Before starting these programs, make sure to load the gcc module (module load gcc).

Running the Program

In the example-programs.zip file, is the pi-cpu executable. This is the program your supervisor has recommended. Try running it with srun on Milton! Does it perform each calculation of \(\pi\) in less time than 1.2s?

BASH

srun pi-cpu

OUTPUT

srun: job 11087600 queued and waiting for resources
srun: job 11087600 has been allocated resources
Result: 3.1414796637875 Error: -0.0001130772251 Time: 3.0970s
Result: 3.1417489401899 Error:  0.0001561991773 Time: 3.0912s
Result: 3.1415377569880 Error: -0.0000549840246 Time: 3.1001s
...

Each calculation of \(\pi\) takes about 3 seconds - slower than your laptop!
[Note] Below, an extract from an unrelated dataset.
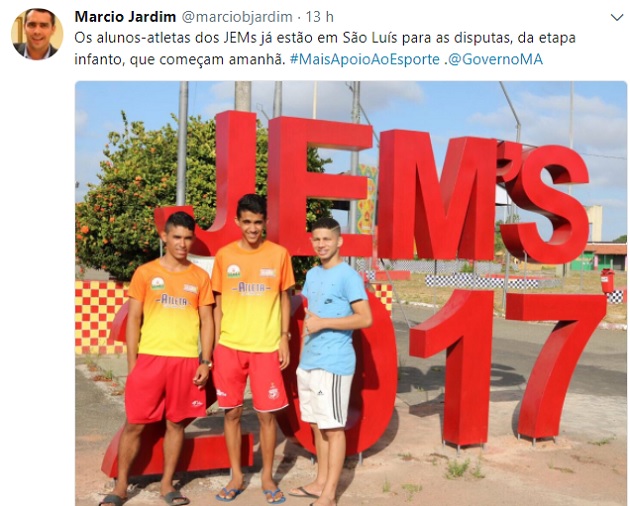 Na segunda-feira (16), em pleno Jogos Escolares Maranhenses, acontecerá a troca do comando da Secretaria de Esporte, sai o petista Márcio Jardim para a chegada do PP no Governo Flávio Dino, já que o novo secretário será Hewerton Carlos Rodrigues Pereira, indicado pelo deputado federal André Fufuca (PP).

This is something to remember about HPC: The main reason why HPC is “faster” is because it has many CPU cores, but the cores working individually are probably slower than your PC’s CPU cores. HPC’s usefulness comes from hundreds or thousands of CPU cores working in parallel!

You tell your supervisor that HPC isn’t helping! But they assure you that it should be really fast - the presenter at the conference demonstrated times way less than 3 seconds!

Your job now is to figure out why pi-cpu isn’t performing fast for you.

Is it really working in parallel?


So far, we’ve only heard that the software works by performing computations in parallel with multiple CPUs. One way we can verify this is with the htop tool.

Revisitingseff

seff is a lightweight utility to check the efficiency of Slurm jobs. Try and check the efficiency of your job with seff. Is it working in parallel?

Run seff with your Job ID. For example, with a job ID of 11087600:

BASH

seff 11087600

OUTPUT

Job ID: 11087600
Cluster: milton
User/Group: yang.e/allstaff
State: COMPLETED (exit code 0)
Nodes: 1
Cores per node: 2
CPU Utilized: 00:00:14
CPU Efficiency: 50.00% of 00:00:28 core-walltime
Job Wall-clock time: 00:00:14
Memory Utilized: 0.00 MB (estimated maximum)
Memory Efficiency: 0.00% of 20.00 MB (10.00 MB/core)

You should see that the job has requested 2 CPUs by default, and has an efficiency of roughly 50%. Definitely not parallel!

You might’ve also noticed that there’s no memory utilization information. We’ll discuss this later.

From seff, it looks like pi-cpu isn’t working in parallel. But perhaps you haven’t requested enough resources from Slurm? Let’s try double the number of CPUs requested to 4:

BASH

srun -c 4 pi-cpu

OUTPUT

srun: job 16555628 queued and waiting for resources
srun: job 16555628 has been allocated resources
Result: 3.1413745257865 Error: -0.0002182152261 Time: 3.1130s
Result: 3.1416269865888 Error:  0.0000342455762 Time: 3.1173s
Result: 3.1413426117862 Error: -0.0002501292264 Time: 3.1159s
Result: 3.1416289953888 Error:  0.0000362543763 Time: 3.1151s
Result: 3.1414934337876 Error: -0.0000993072250 Time: 3.1139s

Not much change in time to calculate pi. Using seff to check the CPU utilisation:

BASH

seff 16555633

OUTPUT

Job ID: 16555633
Cluster: milton
User/Group: yang.e/allstaff
State: COMPLETED (exit code 0)
Nodes: 1
Cores per node: 4
CPU Utilized: 00:00:16
CPU Efficiency: 25.00% of 00:01:04 core-walltime
Job Wall-clock time: 00:00:16
Memory Utilized: 0.00 MB (estimated maximum)
Memory Efficiency: 0.00% of 40.00 MB (10.00 MB/core)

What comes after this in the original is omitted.